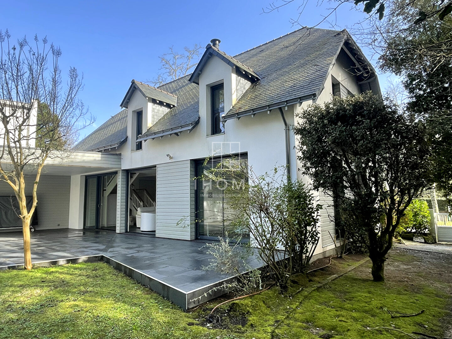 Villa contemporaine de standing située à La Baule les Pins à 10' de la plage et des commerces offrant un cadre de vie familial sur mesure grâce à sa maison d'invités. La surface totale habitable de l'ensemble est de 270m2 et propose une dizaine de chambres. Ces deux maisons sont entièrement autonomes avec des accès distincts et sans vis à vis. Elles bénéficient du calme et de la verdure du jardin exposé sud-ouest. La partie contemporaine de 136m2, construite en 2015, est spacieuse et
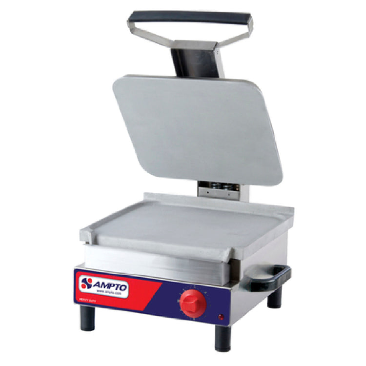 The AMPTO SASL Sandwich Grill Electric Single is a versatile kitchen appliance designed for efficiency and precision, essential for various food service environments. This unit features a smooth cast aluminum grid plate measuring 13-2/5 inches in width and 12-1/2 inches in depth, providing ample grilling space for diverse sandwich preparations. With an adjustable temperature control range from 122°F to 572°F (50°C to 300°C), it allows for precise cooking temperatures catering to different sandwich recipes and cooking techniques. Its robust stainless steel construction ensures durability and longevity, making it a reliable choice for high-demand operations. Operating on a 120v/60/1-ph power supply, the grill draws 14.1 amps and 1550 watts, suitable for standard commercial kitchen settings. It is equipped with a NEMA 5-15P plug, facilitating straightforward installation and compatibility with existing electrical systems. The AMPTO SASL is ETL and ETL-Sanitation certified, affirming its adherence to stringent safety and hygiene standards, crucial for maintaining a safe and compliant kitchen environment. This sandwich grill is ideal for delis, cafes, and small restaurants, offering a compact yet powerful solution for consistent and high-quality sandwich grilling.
□ □ □ □
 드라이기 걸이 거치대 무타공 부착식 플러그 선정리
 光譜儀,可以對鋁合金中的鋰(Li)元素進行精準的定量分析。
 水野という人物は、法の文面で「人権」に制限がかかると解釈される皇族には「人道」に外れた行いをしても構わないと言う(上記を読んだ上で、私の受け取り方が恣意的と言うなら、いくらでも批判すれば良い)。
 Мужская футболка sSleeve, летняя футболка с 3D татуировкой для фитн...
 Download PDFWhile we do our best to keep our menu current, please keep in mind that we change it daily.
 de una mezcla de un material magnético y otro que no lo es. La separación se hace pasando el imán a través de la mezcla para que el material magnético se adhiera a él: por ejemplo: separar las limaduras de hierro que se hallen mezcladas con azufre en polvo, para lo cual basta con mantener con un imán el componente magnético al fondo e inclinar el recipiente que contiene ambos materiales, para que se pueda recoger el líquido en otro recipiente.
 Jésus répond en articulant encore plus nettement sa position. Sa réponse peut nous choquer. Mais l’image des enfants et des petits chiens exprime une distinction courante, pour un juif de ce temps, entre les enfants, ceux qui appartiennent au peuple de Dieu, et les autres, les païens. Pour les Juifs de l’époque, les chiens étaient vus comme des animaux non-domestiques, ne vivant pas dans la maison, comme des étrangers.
□ □ □ □
▶ Problem
What you give back should be only the lines of the records above, starting at the line with "Мужская футболка sSleeve, летняя" and ending at the line with "de una mezcla", restated word for word.

▶ Answer box
 Мужская футболка sSleeve, летняя футболка с 3D татуировкой для фитн...
 Download PDFWhile we do our best to keep our menu current, please keep in mind that we change it daily.
 de una mezcla de un material magnético y otro que no lo es. La separación se hace pasando el imán a través de la mezcla para que el material magnético se adhiera a él: por ejemplo: separar las limaduras de hierro que se hallen mezcladas con azufre en polvo, para lo cual basta con mantener con un imán el componente magnético al fondo e inclinar el recipiente que contiene ambos materiales, para que se pueda recoger el líquido en otro recipiente.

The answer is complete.